Python 列表理解的多个非连接条件,python,list,Python,List,我有一个4元组的列表。我想检查是否至少有一个元组的第三个元素等于'JJ'，并且至少有一个元组的第四个元素等于'nsubj'。但是，它们不一定是同一个元组所以做一些类似于- if (any([tup for tup in parse_tree[i] if (tup[2] == 'JJ' and tup[3] == 'nsubj')])): 这是错误的相反，如果你这样做了 if (any([tup for tup in parse_tree[i] if (tup[2] == 'JJ' or t

我有一个4元组的列表。我想检查是否至少有一个元组的第三个元素等于'JJ'，并且至少有一个元组的第四个元素等于'nsubj'。但是，它们不一定是同一个元组

所以做一些类似于-

if (any([tup for tup in parse_tree[i] if (tup[2] == 'JJ' and tup[3] == 'nsubj')])):

这是错误的

相反，如果你这样做了

if (any([tup for tup in parse_tree[i] if (tup[2] == 'JJ' or tup[3] == 'nsubj')])):

您将得到至少满足一个条件但不能同时满足两个条件的列表

我认为解决这个问题的唯一办法就是这样做-

if any([tup for tup in parse_tree[i] if tup[2] == 'JJ']) and any([tup for tup in parse_tree[i] if tup[3] == 'nsubj']):

只有一个列表有办法做到这一点吗？

您可以使用

zip

将列表中元组中的所有第3和第4个元素分组到另一个列表中的新元组中，然后直接从这些新元组中检查元素：

# say lst is your original list

new_lst = zip(*lst)
if 'JJ' in new_lst[2] and 'nsubj' in new_lst[3]:
     # your code

当然，如果允许从原始列表创建新列表

我想不出一个纯粹的布尔加

任何/所有

解决方案。
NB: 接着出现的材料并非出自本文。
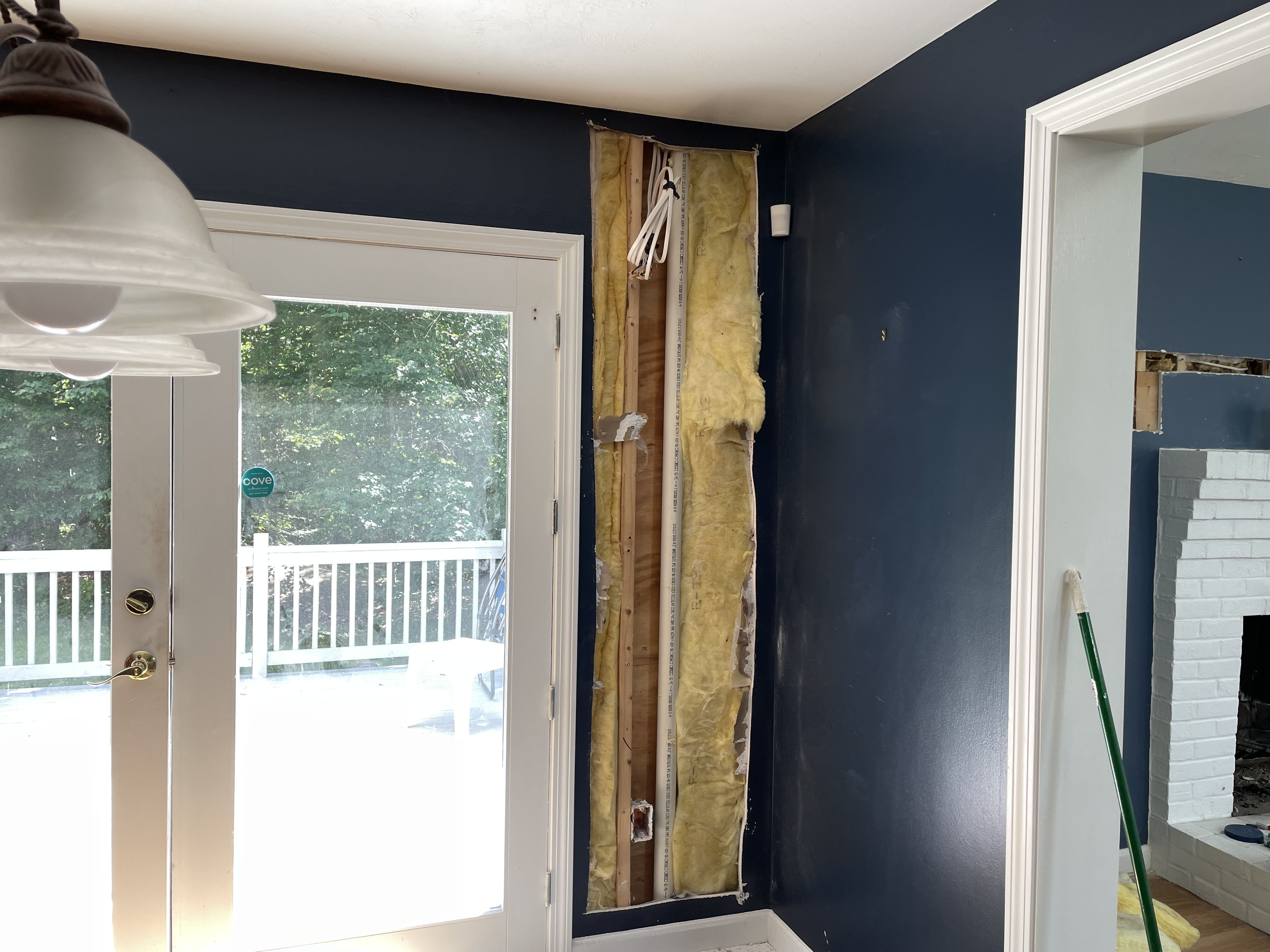 The increase of 1 foot of the new fireplace coming the next day meant the sconces had to move. So we startred the wiring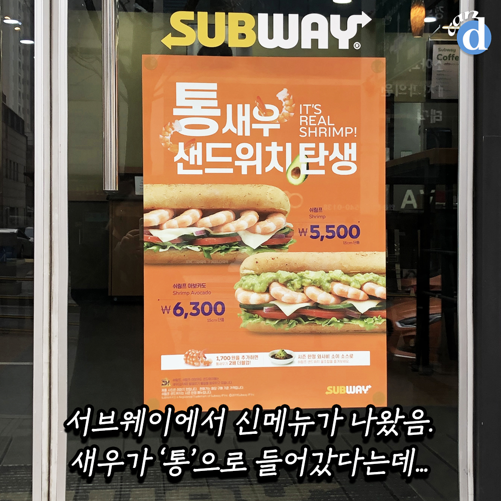 서브웨이에서 새우가 들어간 샌드위치 신메뉴를 출시했습니다.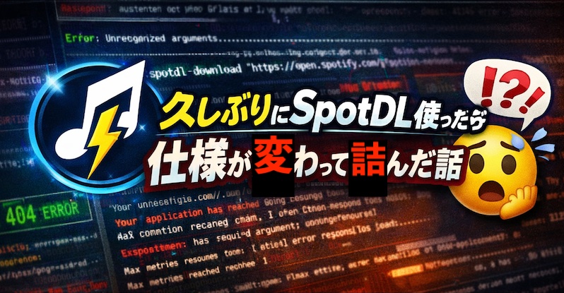 ブログ記事を自分の記憶代わりにもしている筆者であるが、今回久しぶりにspotDLで曲をダウンロードしようとしたら、すっかり仕様が変わっていて、少しハマったので備忘録としてメモしておく。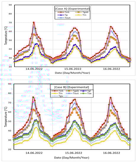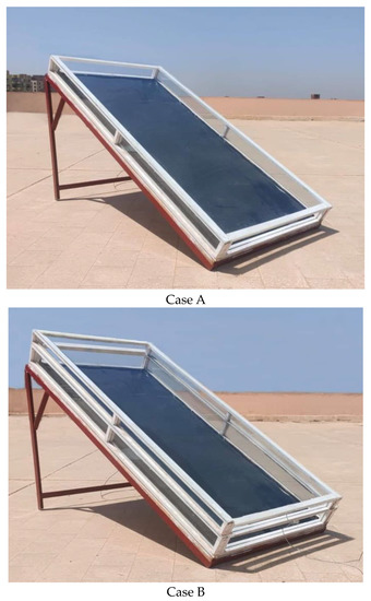 Figure 3 exhibits a photograph of the test rig. The two tested FPSAHs (Case A and Case B) were orientated in a southern direction to receive the most global irradiation through the experiments.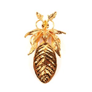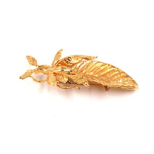 Inspired by various Wasp species, this Botanic "Wasp" created from gold plated Fern leaf Antennae, Ceylon Oak leaf wings, tamarind branch legs, Million Hearts leaf head, Elaeagnus latifolia mid-section and Guava Leaf pine abdomen. Approx. Prd. Size : 5.5 cm W x 10 cm L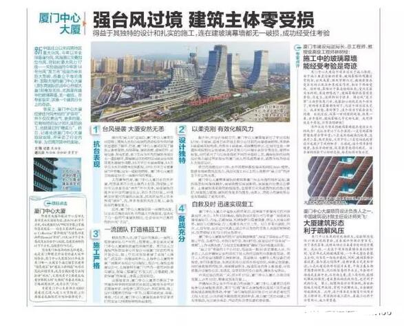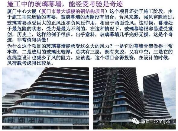 在“納沙”臺風即將在福建沿海登陸之際,2017年7月29日下午,廈門市建設局巡視員、副局長林樹枝博士帶隊檢查防臺風工作,并在銳建工程咨詢有限公司調研玻璃幕墻抗臺風設計。期間,林樹枝副局長作了“強臺風對高層建筑圍護結構的影響分析”的報告,詳細介紹了去年“莫蘭蒂”臺風對廈門市的影響和強臺風對高層建筑的影響,總結了高層建筑的抗臺風經驗,并對今后的高層建筑圍護結構抗臺風提出了對策和辦法。

如果没有原语，您可以使用保持状态的自定义比较对象来解决此问题

class MultiComp(object):
    def __init__(self, *conditions):
        self._conditions = conditions
        self._results = [False] * len(conditions)

    def __bool__(self):
        return all(self._results)

    __nonzero__ = __bool__

    def digest(self, elem):
        for idx, condition in enumerate(self._conditions):
            if not self._results[idx] and condition(elem):
                self._results[idx] = True
        return self

comp = MultiComp(lambda tup: tup[2] == 'JJ', lambda tup: tup[3] == 'nsubj')
any(tup for tup in ttuple if bool(comp.digest(tup)))

请注意，这比正确评估这两种情况慢十倍以上

对照班：

In [215]: %%timeit
   .....: comp = MultiComp(lambda tup: tup[2] == 'JJ', lambda tup: tup[3] == 'nsubj')
   .....: any(tup for tup in ttuple if bool(comp.digest(tup)))
   .....:
10000 loops, best of 3: 30.6 µs per loop

正确使用发电机：

In [216]: %%timeit
   .....: any(tup[2] == 'JJ' for tup in ttuple) and any(tup[3] == 'nsubj' for tup in ttuple)
   .....:
100000 loops, best of 3: 4.26 µs per loop

也许你可以做一些事情，比如使用生成器（效率更高），而不是列表本身

是否有任何特定的原因，你需要它只做一个列表

if any(True for tuple_list in list_of_tuple_lists if any(True for t in tuple_list if t[2]=='JJ') and any(True for t in tuple_list if t[3] == 'nsubj'))

为了匹配您的姓名：

if any(True for tuple_list in parse_tree[i] if any(True for t in tuple_list if t[2]=='JJ') and any(True for t in tuple_list if t[3] == 'nsubj'))

该代码适用于所有情况。简单测试：

import random
import time

none = [(1,2,3,4),(1,2,3,4),(1,2,3,4),(1,2,3,4)] # none of the conditions
first = [(1,2,3,4),(1,2,'JJ',4),(1,2,3,4),(1,2,3,4)]# only first of the conditions
second = [(1,2,3,4),(1,2,'test',4),(1,2,4,'nsubj'),(1,2,3,4)]# only second of the conditions
both = [(1,2,'JJ',4),(1,2,'test',4),(1,2,3,'nsubj'),(1,2,3,4)]# both of the conditions in different tuples
same = [(1,2,'JJ','nsubj'),(1,2,'test',4),(1,2,2,4),(1,2,3,4)]# both of the conditions in same tuple
possible_tuples=[none,first,second,both,same]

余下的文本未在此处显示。